(YOUR GOAL)
Write the listing out again exactly as it stands, with no images.

(DATASET EXTRACT)
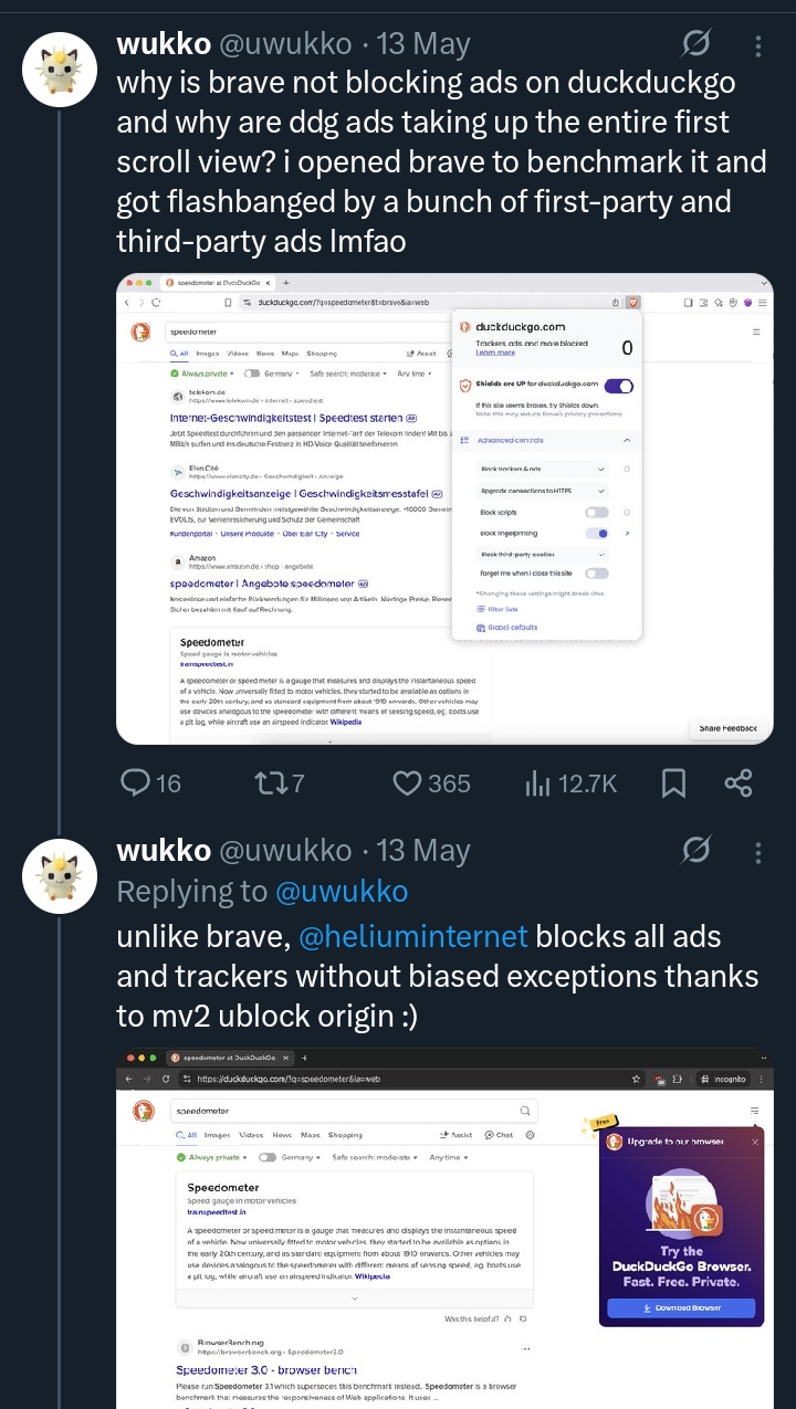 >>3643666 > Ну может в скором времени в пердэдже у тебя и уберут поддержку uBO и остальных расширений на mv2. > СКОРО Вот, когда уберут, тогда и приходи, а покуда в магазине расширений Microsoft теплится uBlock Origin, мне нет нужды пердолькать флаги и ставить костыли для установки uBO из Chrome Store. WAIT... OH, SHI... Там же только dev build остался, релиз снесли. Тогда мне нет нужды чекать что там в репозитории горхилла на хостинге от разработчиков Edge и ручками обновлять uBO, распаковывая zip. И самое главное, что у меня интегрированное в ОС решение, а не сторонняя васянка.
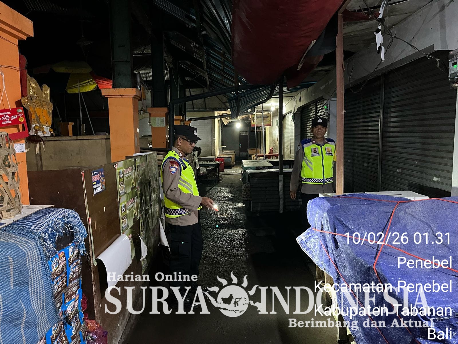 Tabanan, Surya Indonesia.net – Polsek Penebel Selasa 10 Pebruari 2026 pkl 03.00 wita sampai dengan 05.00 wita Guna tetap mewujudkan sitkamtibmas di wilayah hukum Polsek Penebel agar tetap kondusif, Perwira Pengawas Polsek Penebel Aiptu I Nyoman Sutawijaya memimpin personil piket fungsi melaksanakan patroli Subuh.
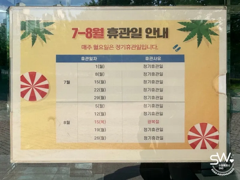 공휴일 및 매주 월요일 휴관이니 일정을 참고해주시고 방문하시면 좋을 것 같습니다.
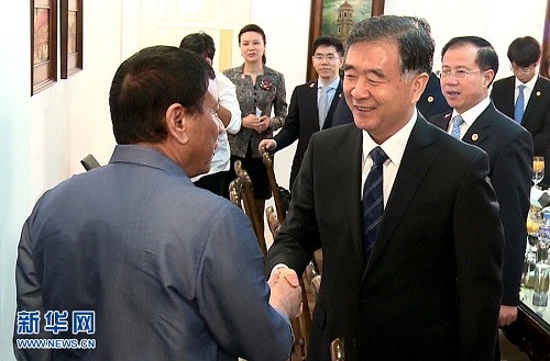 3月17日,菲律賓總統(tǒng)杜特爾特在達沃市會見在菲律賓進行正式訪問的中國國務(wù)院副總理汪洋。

(WRITTEN ANSWER)
 >>3643666 > Ну может в скором времени в пердэдже у тебя и уберут поддержку uBO и остальных расширений на mv2. > СКОРО Вот, когда уберут, тогда и приходи, а покуда в магазине расширений Microsoft теплится uBlock Origin, мне нет нужды пердолькать флаги и ставить костыли для установки uBO из Chrome Store. WAIT... OH, SHI... Там же только dev build остался, релиз снесли. Тогда мне нет нужды чекать что там в репозитории горхилла на хостинге от разработчиков Edge и ручками обновлять uBO, распаковывая zip. И самое главное, что у меня интегрированное в ОС решение, а не сторонняя васянка.
 Tabanan, Surya Indonesia.net – Polsek Penebel Selasa 10 Pebruari 2026 pkl 03.00 wita sampai dengan 05.00 wita Guna tetap mewujudkan sitkamtibmas di wilayah hukum Polsek Penebel agar tetap kondusif, Perwira Pengawas Polsek Penebel Aiptu I Nyoman Sutawijaya memimpin personil piket fungsi melaksanakan patroli Subuh.
 공휴일 및 매주 월요일 휴관이니 일정을 참고해주시고 방문하시면 좋을 것 같습니다.
 3月17日,菲律賓總統(tǒng)杜特爾特在達沃市會見在菲律賓進行正式訪問的中國國務(wù)院副總理汪洋。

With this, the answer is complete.